Mme Gosselin (Hélène): Puis, avec les bureaux coordonnateurs, s'ils étaient de grande taille, même s'ils sont confiés aux CPE, le fait qu'il va y avoir des déplacements... Parce qu'à la grosseur des bureaux coordonnateurs qui sont envisagés, à 700 ou 1 000 places, la perte de temps, l'organisation des personnes, du travail des personnes qui vont oeuvrer dans ces milieux-là, les pertes de temps en déplacements pour aller en visite de conformité, de soutien ou de contrôle, je veux dire, c'est cette perte de temps là que, quand on gère un plus petit milieu, on n'a pas. Bien, ils ne pourront pas servir à donner des services de la qualité dont les RSG qui sont ici parlaient, les services de proximité autant.

Quand, tout à l'heure, les gens qui présentaient le mémoire précédent disaient... C'est une réponse instantanée, c'est une réponse spontanée aux besoins des RSG qu'on leur offre présentement. Moi, je vois difficilement, en gérant 700 ou 1 000 places en milieu familial, comment je vais être en mesure de dire à mes employés, à mon personnel, moi-même, de le faire, de donner une réponse automatique à des besoins qui sont parfois très criants et qui nécessitent un soutien immédiat. Parfois, des RSG nous appellent et elles vivent des difficultés telles que ça met en péril la continuité de l'entente de services avec le parent et l'enfant qui fréquente le service. Et, s'il n'y a pas d'intervention immédiate, bien il va y avoir une rupture du lien et de l'entente de services. Alors, nous, ça nous fait craindre énormément.

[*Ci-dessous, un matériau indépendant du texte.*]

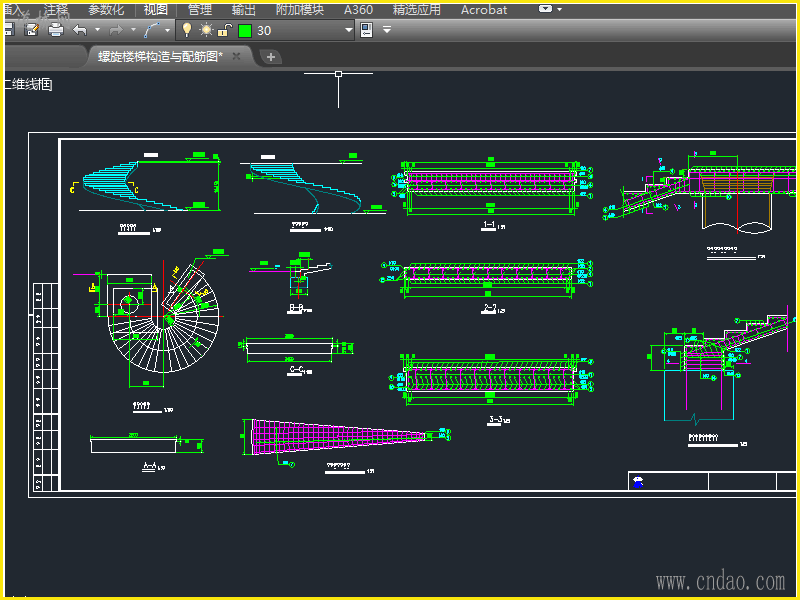 螺旋楼梯构造与配筋图.dwg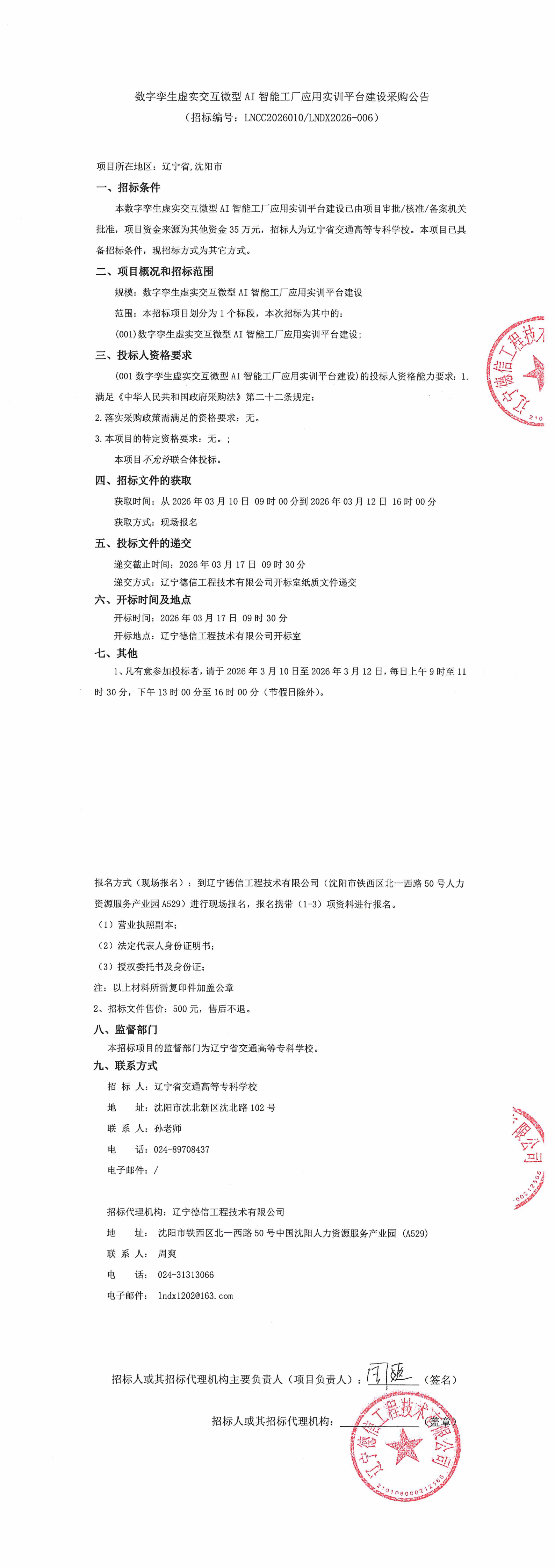 数字孪生虚实交互微型AI智能工厂应用实训平台建设采购公告(LNCC2026010)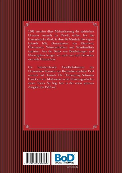 1508 erschien diese Meisterleistung der satirischen Literatur erstmals im Druck, seither hat das humanistische Werk, in dem die Narrheit ihre eigene Lobrede hält, Generationen von Künstlern, Übersetzern, Wissenschaftlern und Schriftstellern inspiriert. Aus der Reihe von Bearbeitungen und Neuausgaben bringen wir nach und nach besonders wertvolle Glanzstücke.Die bahnbrechende Gesellschaftssatire des Humanisten Erasmus von Rotterdam erschien 1534 erstmals auf Deutsch. Die Übersetzung Sebastian Francks ist ein Meilenstein in der Editionsgeschichte dieses Textes. Sie liegt hier in der etwas späteren Ausgabe von 1542 vor.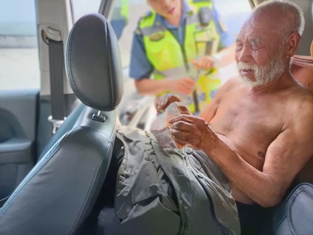 7月27日10時10分許,內蒙古自治區(qū)公路路政執(zhí)法監(jiān)察總隊呼和浩特支隊第三大隊的李超和張鵬飛在呼北高速公路巡查過程中,發(fā)現(xiàn)一位老人光著膀子獨自走在高速公路中間,快速行駛的車輛不時從老人身邊呼嘯而過,稍有不慎就可能引發(fā)重大道路交通事故。
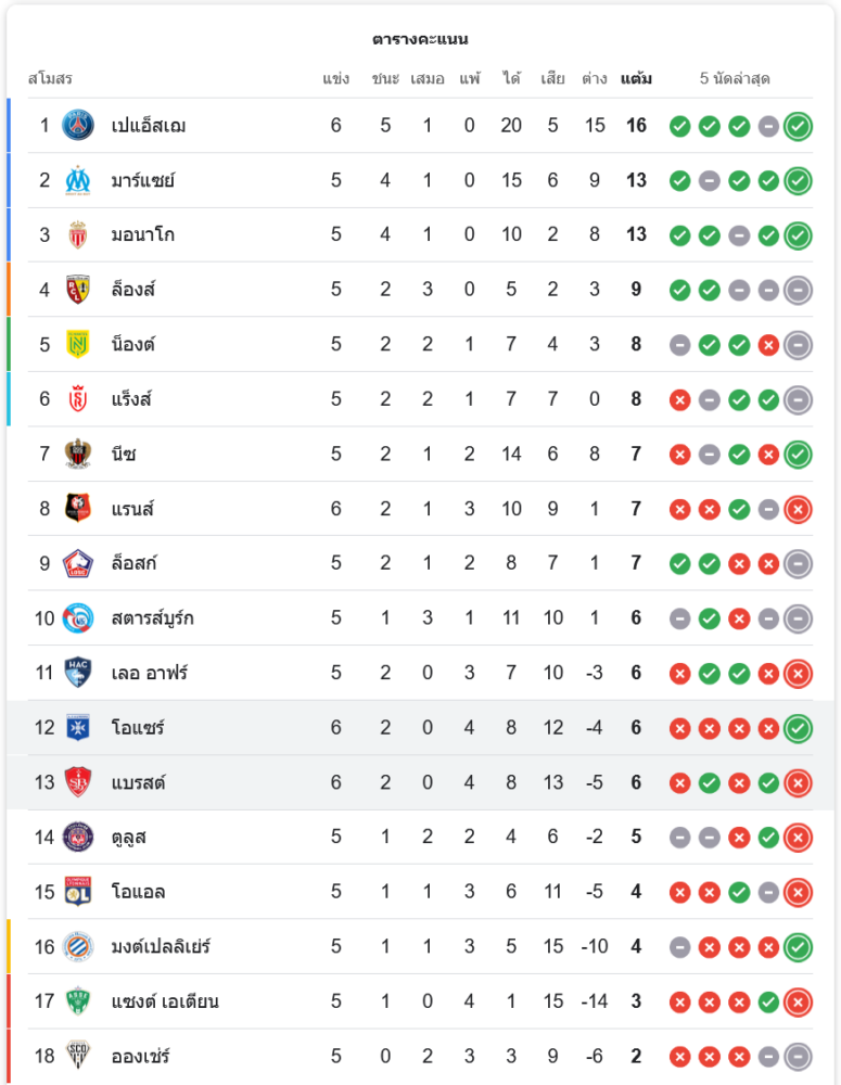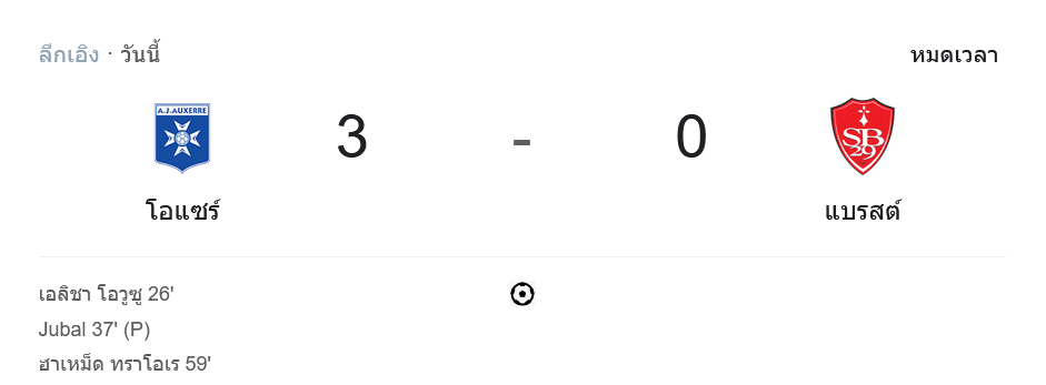 ผลบอลลีกเอิง ฝรั่งเศส 2024 ระหว่าง ทีมโอแซร์ vs ทีมแบรสต์ วันนี้ 28/9/67 ดูบอลย้อนหลัง คลิปไฮไลท์ ดูบอลลีกเอิง ฝรั่งเศส 2024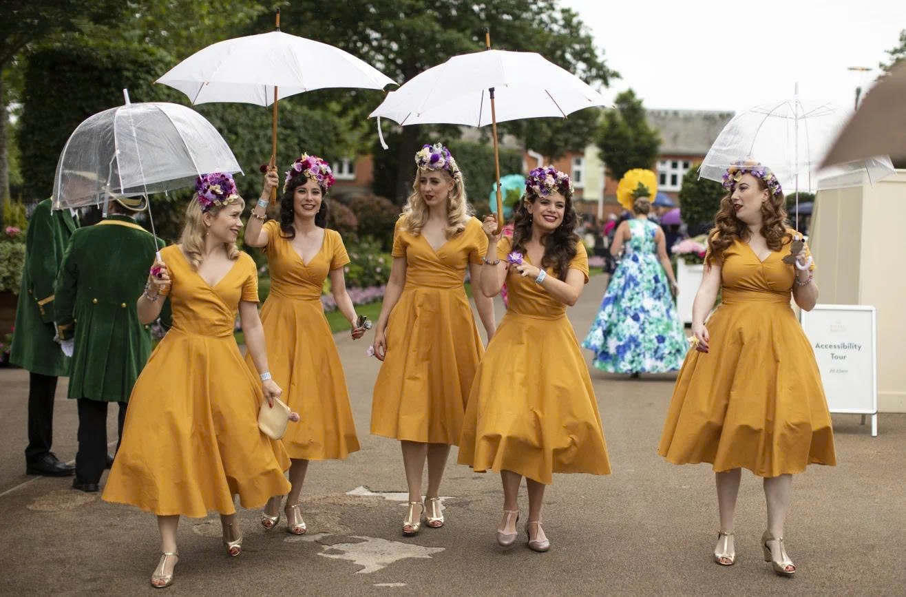 Dưới những chiếc ô nhẹ nghiêng, sắc vàng của váy áo cùng những vòng hoa rực rỡ tạo nên khung cảnh thanh lịch, nơi thời trang thăng hoa giữa không gian ngoài trời đầy sức sống. Ảnh: CNN

M. Bouchard (Vachon): Je suis persuadé qu'il y a des gens, autour de cette table, qui comprennent très bien l'analyse que vous venez de faire, parce que l'intensité de l'intervention, son opportunité, c'est-à-dire sa capacité de se manifester alors qu'elle est nécessaire, sa continuité, c'est important. Et ce à quoi vous faites référence, c'est-à-dire le temps de friction, c'est-à-dire la dépense inutile dans les déplacements, etc., c'est aussi quelque chose qu'on vit dans d'autres systèmes et que les gens peuvent reconnaître autour de cette table, là.

Moi, j'ai été sensibilisé à ça particulièrement par un groupe de vos collègues que j'ai rencontré dans la région de Charlevoix. On sait que c'est étendu, il y a des dizaines et des centaines de kilomètres. Enfin, pour eux autres, ça représente peut-être 120 km à couvrir, là. Il y a un problème de logistique, mais il y a aussi un problème, je pense, d'appariement sociologique, là, c'est-à-dire être en mesure de reconnaître des comportements, des conduites puis des besoins qui appartiennent plus particulièrement à une communauté plutôt qu'à une autre. Il y avait, dans le domaine où j'étais auparavant, une équation puis un adage qui disaient... Dans le domaine, par exemple, de la protection des enfants, où les travailleurs sociaux étaient trop étrangers à l'environnement dans lequel ils travaillaient, on ne pouvait pas les appeler par leur petit nom, il y avait une perte d'efficacité et d'efficience qui était due à un manque de confiance puis de familiarité avec les intervenants. Il y avait un spécialiste à l'époque qui disait: «The best is to beat the area», c'est-à-dire être capable de connaître à ce point l'environnement parce qu'on le marche, on le connaît, etc. Bon. Je pense que c'est beaucoup à ça que vous faites référence aussi, n'est-ce pas? Oui?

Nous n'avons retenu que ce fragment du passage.